1. King Allant from Demon’s Souls
- System: PS3
- Publisher: From Software
- Developer: Atlus
- Release Dates: October 6th, 2009
What happened to the land of Boletaria? Under the rule of King Allant XII, he channeled the power souls and brought immense prosperity to Boletaria. However, his thirst for power and meddling with the dark arts became his undoing as a mysterious fog has engulfed the land and isolated the kingdom from the rest of the land. Demons spawned within Boletaria and madness ensued. You are a warrior who managed to survive entering the fog and it is foretold that you are the savior Boletaria has been waiting for.
Demon’s Souls is the very game that brought back difficulty to gaming and was the leading cause of PS3 controller deaths that drove a lot of unsuspecting players mad. Aggressive enemies, deadly traps, massive locations, and powerful bosses, Demon’s Souls will test your skills as a gamer and it will also test your sanity as you die hundreds of times. However, overcoming all odds and defeating the bosses is one of the euphoric experiences a player can attain. Imagine you’re down to a sliver of health and perfectly dodged an attack and land the finishing blow, seeing the victory message “THE DEMON WAS SLAIN” will have you jump out of your seat and yell F**K YEAH!
As you progressed through the game you face foes mightier than the ones you’ve beaten until you’ve faced King Allant himself.

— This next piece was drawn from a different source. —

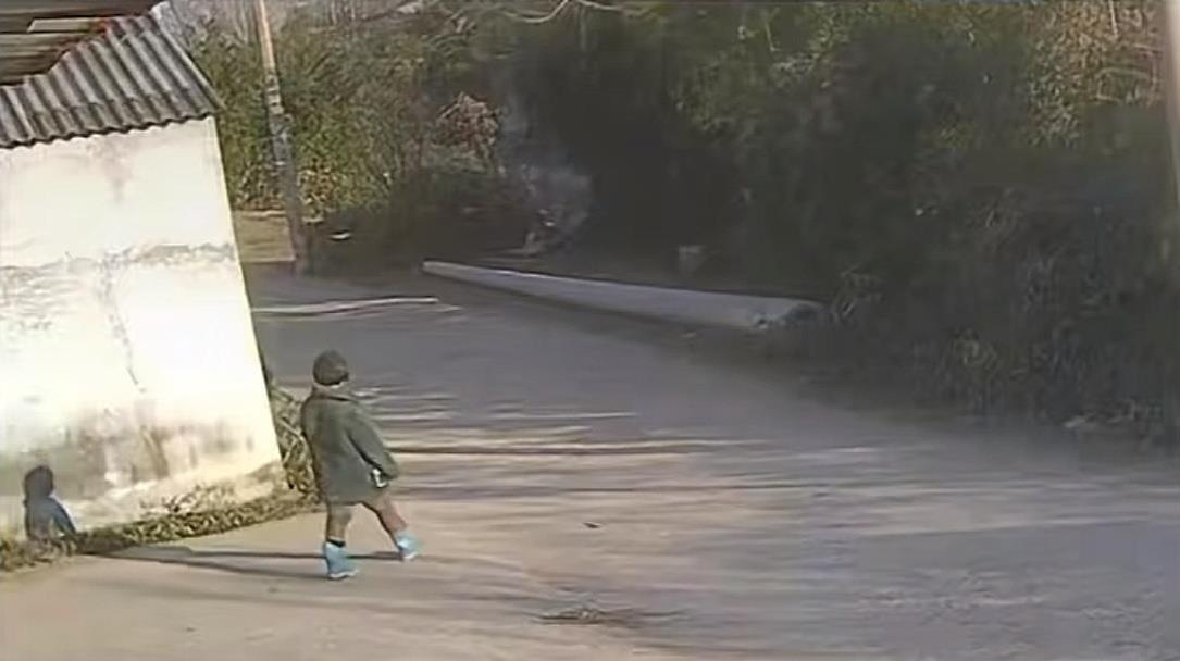 据孩子表伯孙先生介绍,11月20日孩子和奶奶到袁寨村扫墓,祭扫的对象是奶奶的父亲。下午四点左右扫完墓,奶奶带着孩子来到孙先生家里,和他爸爸说几句话。由于孩子有智力障碍,多次发生走丢的情况,奶奶用绳子把她的手和电动自行车绑在一起,然后进屋和娘家人说话。就在这几分钟里,孩子不见了,可能是自己解开或者挣脱了绳索,然后自行离开了。孙先生邻居家的监控视频显示,16时06分,监控提醒,有人从邻居家门口经过。画面中,小涵脚上穿着雨靴,身上穿着灰色的棉衣,从房屋的拐角处经过。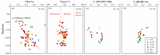 In this study, VRo, Tmax, and biomarker parameters were adopted to assess the thermal maturity of source rocks. Figure 9a shows that the VRo values of the Es4 sub-member range from 0.26% to 0.63% (with corresponding depths of < 2500 m). However, a higher VRo value (0.88%) was found for the shallow-buried Mesozoic mudstone sample, mainly due to the regional tectonic uplift in the late Oligocene. The average Tmax values of the Es4d, Es4g, and Es4n source rocks are 431, 437 and 435 °C, respectively (Figure 9b). Steranes C2920S/(20S + 20R) and C29αββ/(αββ + ααα) are often used to assess thermal maturity [42,43]. The C2920S/(20S + 20R) of the Es4 source rocks is 0.24–0.37 (with an average of 0.12), and the C29αββ/(αββ + ααα) is 0.24–0.37 (with an average of 0.29), suggesting that the source rocks are in an early mature stage (Figure 9c,d). Overall, the Es4n and Es4g source rocks are in the low-mature to mature stage, while the Es4d source rocks are in the immature to low-mature stage.

In an unexpected twist, the Old King Allant boss you’ve beaten wasn’t the true King Allant. When you return to the Nexus, a new pathway reveals and leads you to where the true king is hiding. You prepared yourself by stocking up healing spices, equip the best armor and upgraded the best weapons. Upon entering the fog gate, you finally see King Allant, but he devolved nothing but a pitiful slime that poses no real threat to you. Is this the mighty king? There’s no strategy in this final boss fight for King Allant poses no real threat. As an act of pity on your part, you swiftly put the once mighty king out of his misery and finally beat Demon’s Souls.
To some players, the final boss is anti-climatic, but to others, the final boss King Allant is a pitiful picture of a man who rose like the gods and fell like the pitiful human that he was.
The point of bosses is they act as a test for the player--a test whether or not you’ve mastered the game’s mechanics. And of course, the final boss is a culmination of what you have learned and mastered. You’ve learned certain enemies are weak to specific elements, you’ve learned that blunt weapons are great against heavy armor while crooked/rusted weapons can cause bleed, or a powerful assault rifle can go through walls, etc.
However, there are exceptions to the rule and it’s just a matter of how you portray the final boss. Is the final boss meant to die in one hit? Is the final boss easy to kill because of story reasons? Or is the final boss based on quick time events? The list has examples of final bosses that are not meant to challenge, but rather they’re meant to evoke a response from the player like empathy or hate or represent the game’s story.
The final bosses here aren’t bad per se, but rather they’re just bad gameplay-wise. No one should feel disappointed the big, final bad guy is easier than traversing the levels.